**What you have to do**
Drop every picture. Then return, exactly, the lines from the beginning of the listing below through the one containing "أغشوركيت ( الأخبار".

**Exercise materials**

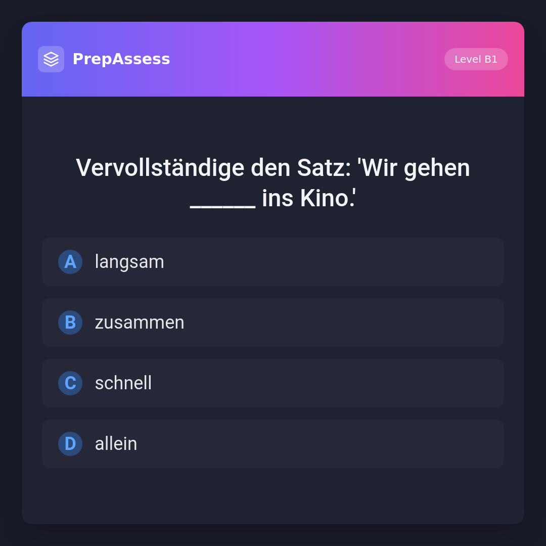 Vervollständige den Satz: 'Wir gehen ______ ins Kino.'
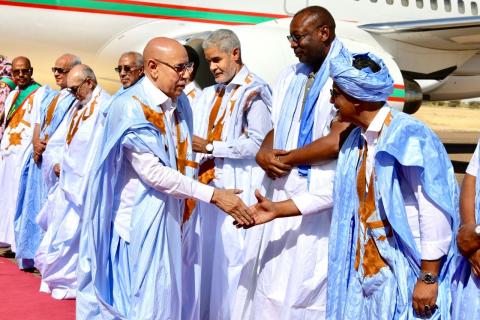 أغشوركيت ( الأخبار الوطنية ) : خصص سكان مقاطعة تمبدغة، بولاية الحوض الشرقي، اليوم الخميس، استقبالا شعبيا حاشدا لرئيس الجمهورية، السيد محمد ولد الشيخ الغزواني، لدى وصوله إلى مطار مدينة النعمة في مستهل زيارة تشمل جميع مقا
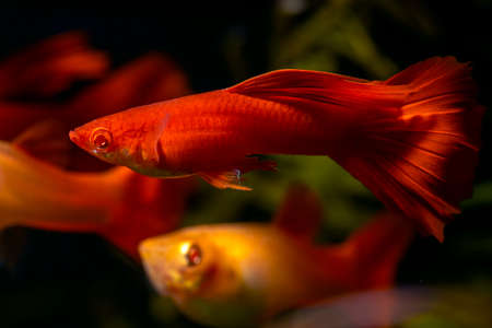 Guppys in freshwater aquarium. Poecilia reticulata.
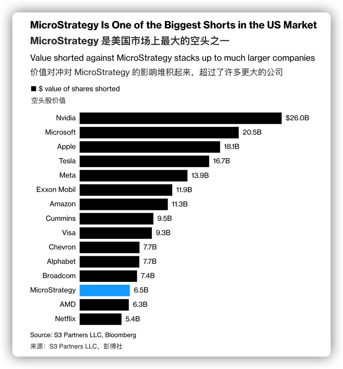 目前美股上做空MicroStrategy 的仓位甚至超过了许多其它大公司。 https://t.co/YlLqtTRAzS
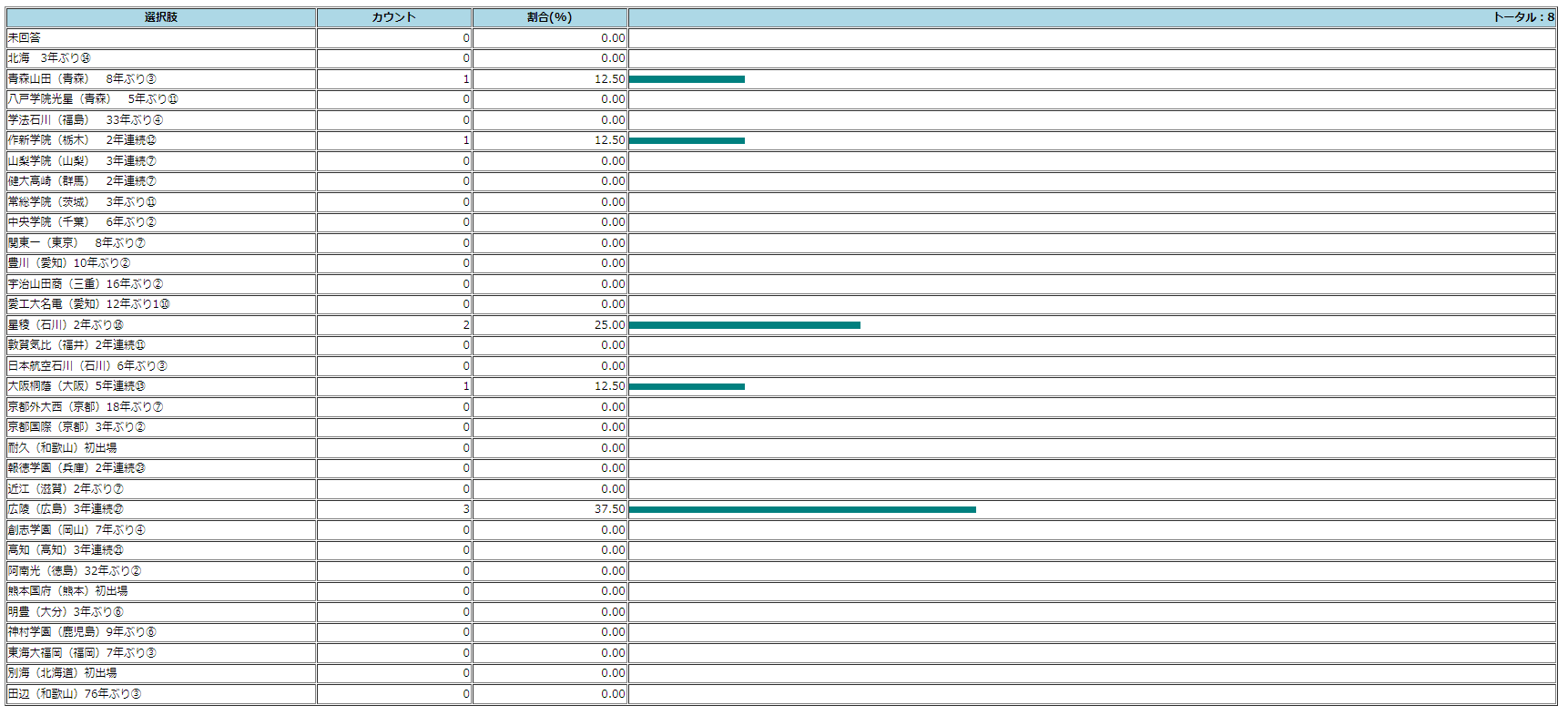 第96回選抜高校野球大会 優勝予想投票途中経過
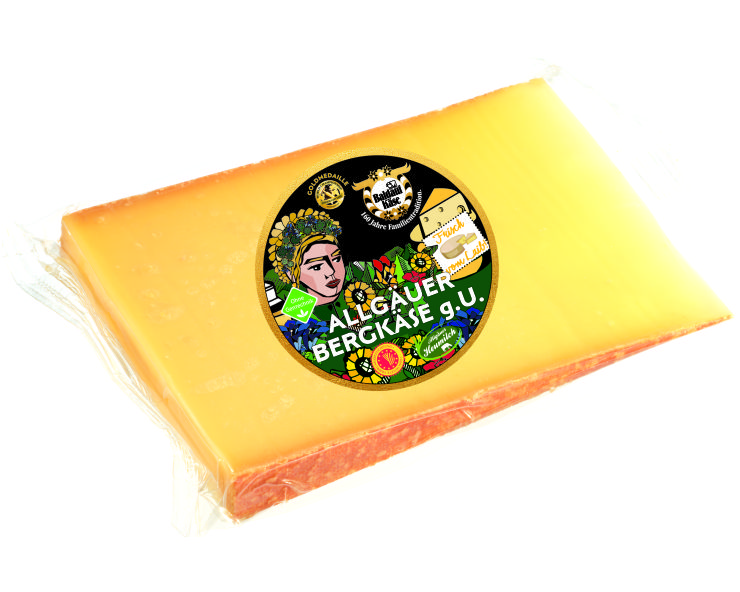 | Allgäuer Bergkäse g.U. | Mind.4 Monate gereifter Hartkäse aus dem Allgäu. Aromatisch, leicht nussig im Geschmack. Speckig-fester Teig. | Käsegruppe: Allgäuer Bergkäse g.U./ Hartkäse mit Rohmilch hergestellt Land: Deutschland Milch: Kuhrohmilch Region: Allgäu

**Finished task**
 Vervollständige den Satz: 'Wir gehen ______ ins Kino.'
 أغشوركيت ( الأخبار الوطنية ) : خصص سكان مقاطعة تمبدغة، بولاية الحوض الشرقي، اليوم الخميس، استقبالا شعبيا حاشدا لرئيس الجمهورية، السيد محمد ولد الشيخ الغزواني، لدى وصوله إلى مطار مدينة النعمة في مستهل زيارة تشمل جميع مقا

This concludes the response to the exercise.